Guzman, who teaches a class on diabetes and depression, says being part of a group also helps alleviate anxiety for some people. "Just having a place to come and talk and feel supported and to know you're not alone in what you're feeling is so therapeutic," she says.


It's also a good reason to do yoga meditation with Wai Lana- as yoga meditation is one of the best, if not the best way to relieve stress.

Sunday, February 15, 2009

Watch your sugar, for baby's sake

Do your yoga and drink to health with Wai Lana's Juice Book through pregnancy to keep problems like this far away!

Watch your sugar, for baby's sake

When 33-year-old Anita conceived, she was overjoyed. But the joy was tempered when, in the seventh month of pregnancy, diagnostic tests revealed
that she had diabetes. Both her parents were diabetic but this had not prepared her for her own condition.

“When I was carrying, I felt weak and heavy. That is when doctors discovered I had gestational diabetes,” she says.

Anita is hardly unusual. The incidence of gestational diabetes, caused by the hormones produced during pregnancy, has shot up in India from a mere 2% in 1980 to 17% today. This diabetes usually occurs between the 24th and 27th weeks. The pregnancy hormones reduce a woman’s sensitivity to insulin, sending blood sugar levels soaring.

What’s particularly alarming is that babies of affected mothers are more likely to be obese, both as children and adults. They are also more prone to diabetes later in life. The mother is at risk too because 30% of women who get gestational diabetes also develop maturity-onset or Type 2 diabetes seven to 10 years after the pregnancy.

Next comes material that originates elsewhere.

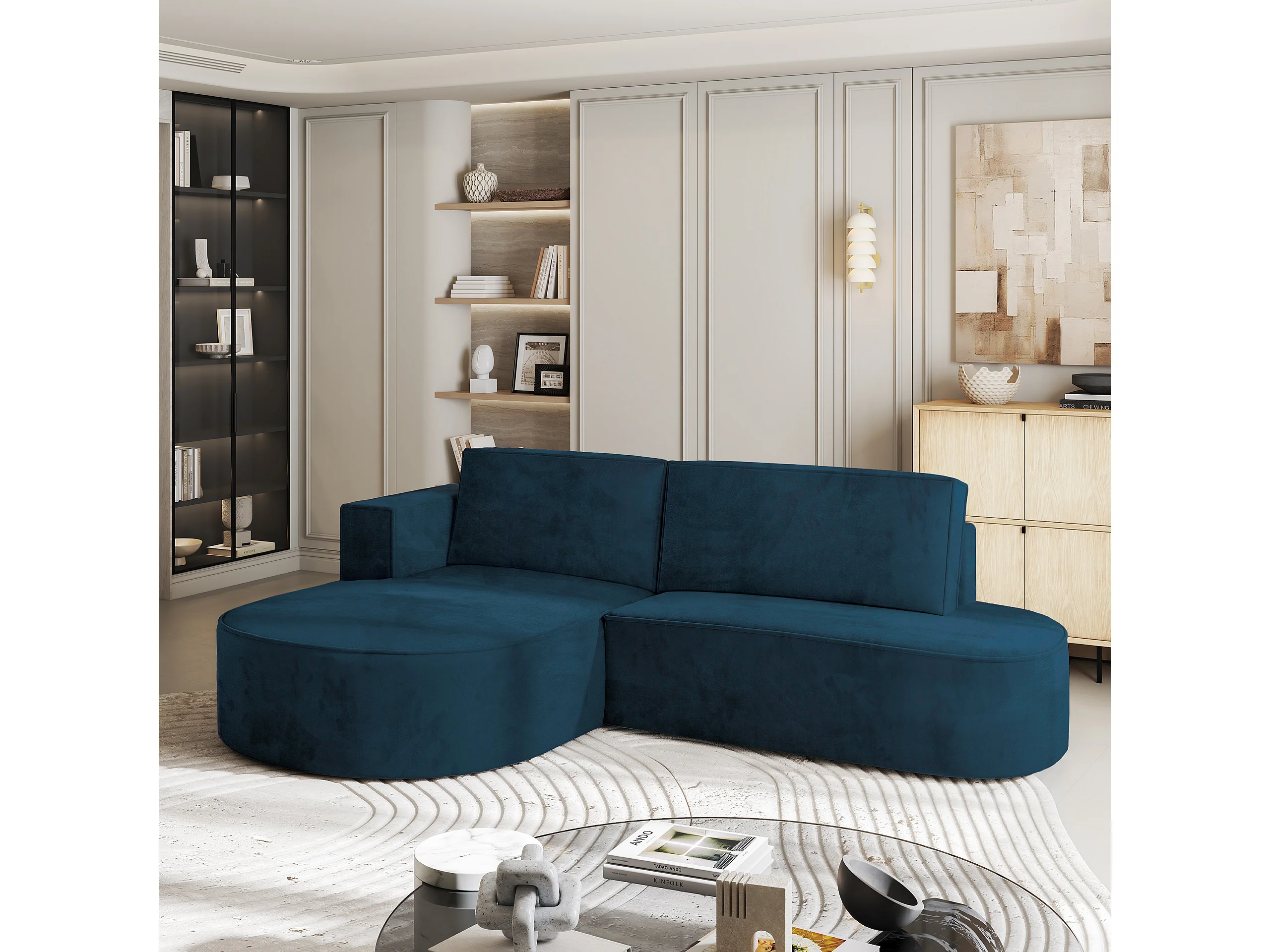 Canapé d'angle CORTIO Bleu en velours avec fonction de couchage

Experts say that the spike in gestational diabetes parallels the recent rise in diabetes cases. The World Health Organisation (WHO) estimates that India may see a rise in diabetes from 135 million cases in 1995 to 300 million in 2025 — a whopping 120% increase.

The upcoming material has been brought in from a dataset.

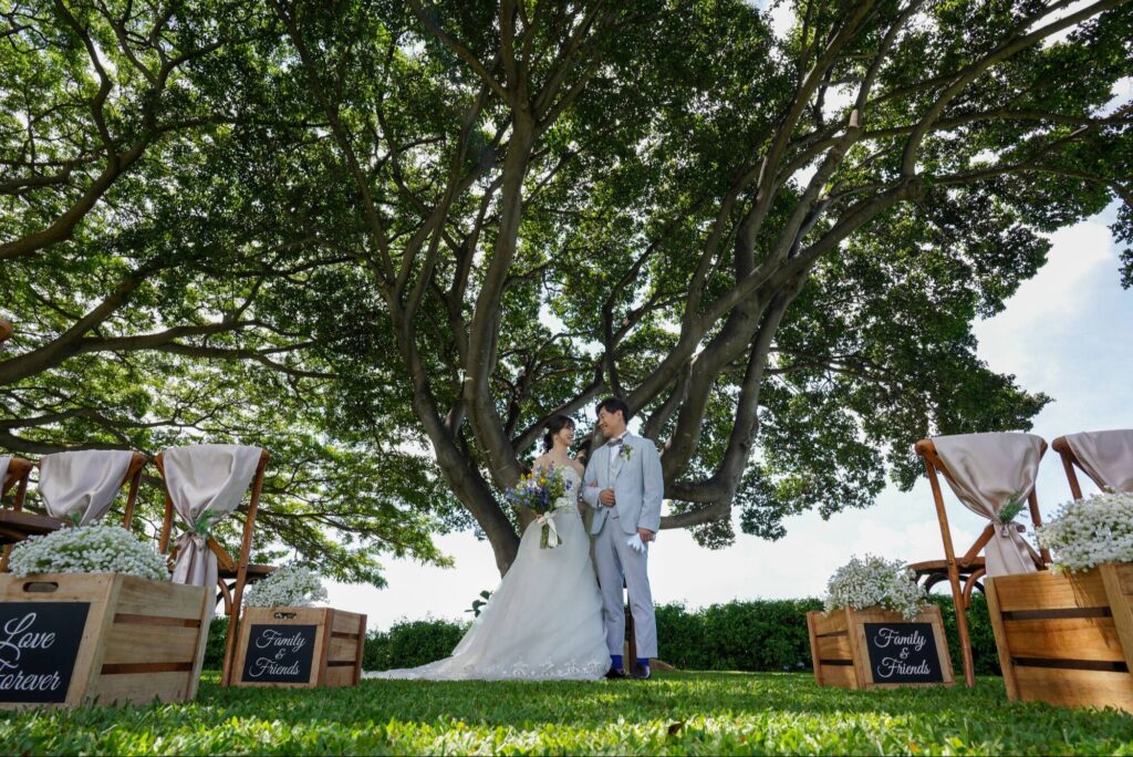 #ガーデン #人気! #ハワイらしい雰囲気 #プライベート感 #ガーデンパーティー #緑に囲まれている #ゲストとビーチフォト #ふたりきりで #大人数OK #少人数OK #海が見える #バージンロード10m以上 #組数限定 #貸切可能 #大きな樹の下 #パーティ会場併設 #ナチュラル #アットホーム

Asians are already regarded a high-risk group and have 11% more prevalence of gestational diabetes than the rest of the world, say experts. The global average is between 4-8%; in the US, it is 6%.
The rise of gestational diabetes cases in India was confirmed during a diabetes and pregnancy awareness project by Apollo Hospital, Chennai, in 2004.

The four-year project, which screened some 13,000 people in Tamil Nadu, revealed startling statistics, says Dr V Balaji, senior diabetologist at Apollo Hospitals. The results led to mandatory screening for glucose intolerance in pregnant women at all state government centres.

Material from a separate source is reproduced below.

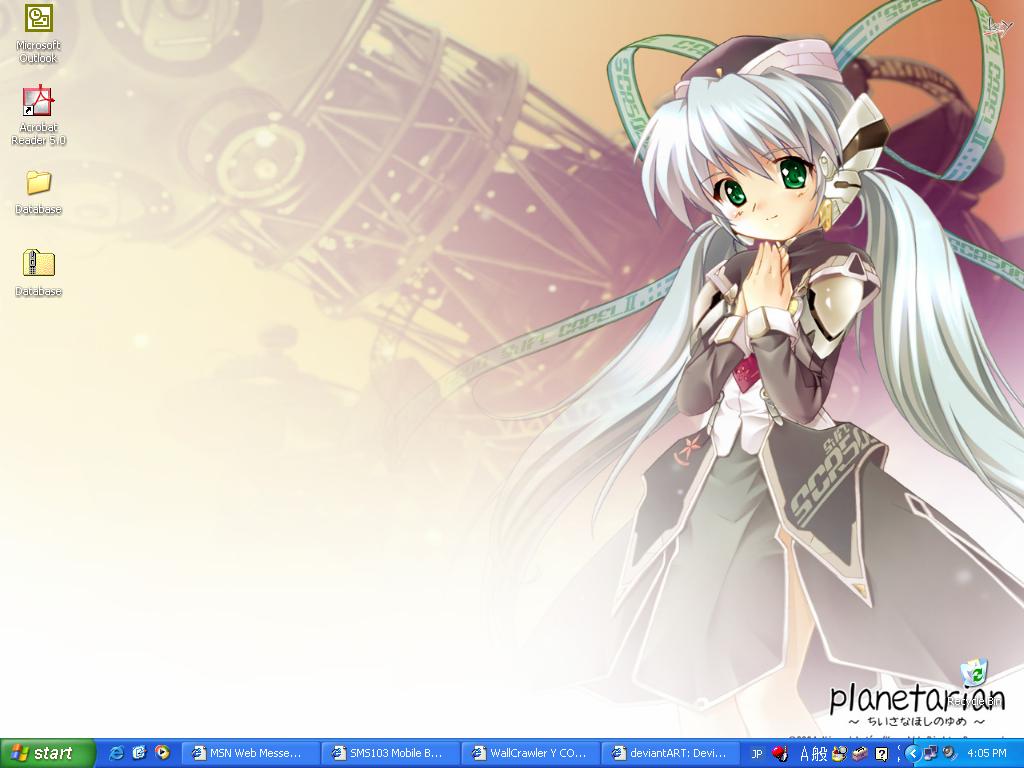 Description: A anime girl with long white hair and a white wig is standing in front of a computer screen with a background.

So what happens to a woman with gestational diabetes? Doctors say it affects the mother in late pregnancy. It could strike earlier if a woman has a family history of diabetes, polycystic ovarian disease or obesity. The mother’s increased blood sugar levels are transferred to the baby.

This, in turn, causes the baby’s pancreas, which start working within 11 weeks of conception, to produce extra insulin to get rid of this sugar.

“Insulin, incidentally, is a growth hormone. As the baby starts getting more energy than it needs, this gets stored as fat, leading to an abnormal weight gain, usually over 3.5 kg,” says Dr Ambrish Mithal, president-elect, Endocrine Society of India. “This may require delivery by caesarean section and cause breathing and shoulder problems at birth for the baby.”

Although gestational diabetes is only a temporary phase and it disappears after pregnancy, there is a 65-70% chance of it recurring. Therefore, it is vital for the mother to control her sugar intake and monitor blood sugar levels.

Mithal says gestational diabetes is often treated with insulin and dietary control rather than drugs. If treated in time, no complications ensue. Mithal says that many people don’t know that pregnant women have lower blood sugar levels than those who aren’t.

The baby absorbs nutrition from the mother, causing blood sugar levels to fall. So the pre-diabetic phase in a normal person becomes gestational diabetes in a pregnant woman. Testing is done an hour after fasting in pregnant women as sugar levels are highest at the time. Normally, this would be done two hours after fasting.

One of the important tests to get mean glucose value for the last 90-120 days of pregnancy is the HbA1c test. A woman with an HbA1c level lower than 5.3 does not indicate gestational diabetes, while one above 6 would.